◆ What is expected
Write out again, word for word, the lines below from the line that holds "Montage au-dessus avec diffusion extérieure" through the line that holds "Rue aux écoles, rue Tandou, Paris 19 e", omitting pictures.

◆ Data excerpts
========================================================================
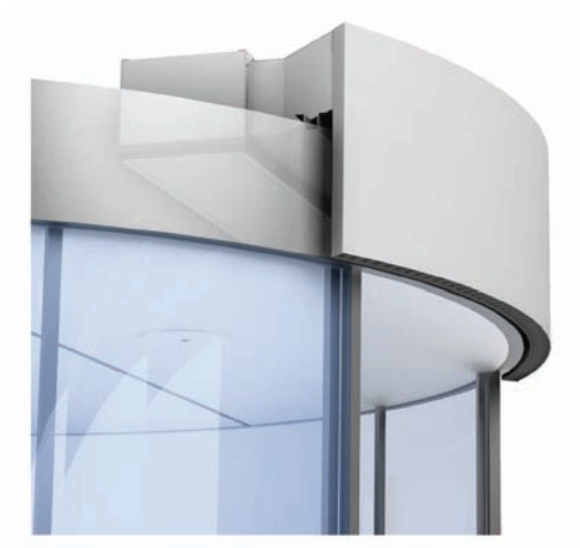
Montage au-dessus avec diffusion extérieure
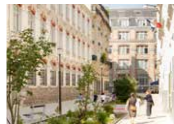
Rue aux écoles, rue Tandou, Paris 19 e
========================================================================
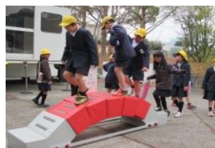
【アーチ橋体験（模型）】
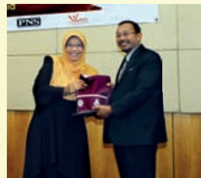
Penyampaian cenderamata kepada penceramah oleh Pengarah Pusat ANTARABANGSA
========================================================================
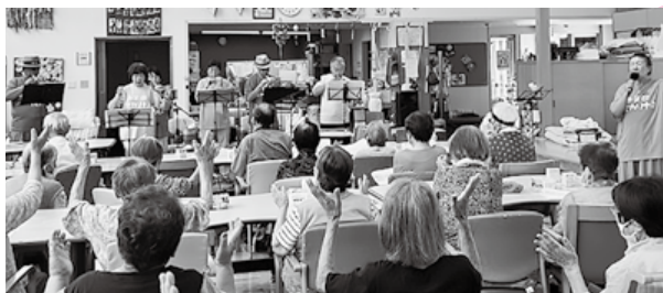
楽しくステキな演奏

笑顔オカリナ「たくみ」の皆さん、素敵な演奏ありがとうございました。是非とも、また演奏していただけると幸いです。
========================================================================
◆ Result of this exercise
Montage au-dessus avec diffusion extérieure
Rue aux écoles, rue Tandou, Paris 19 e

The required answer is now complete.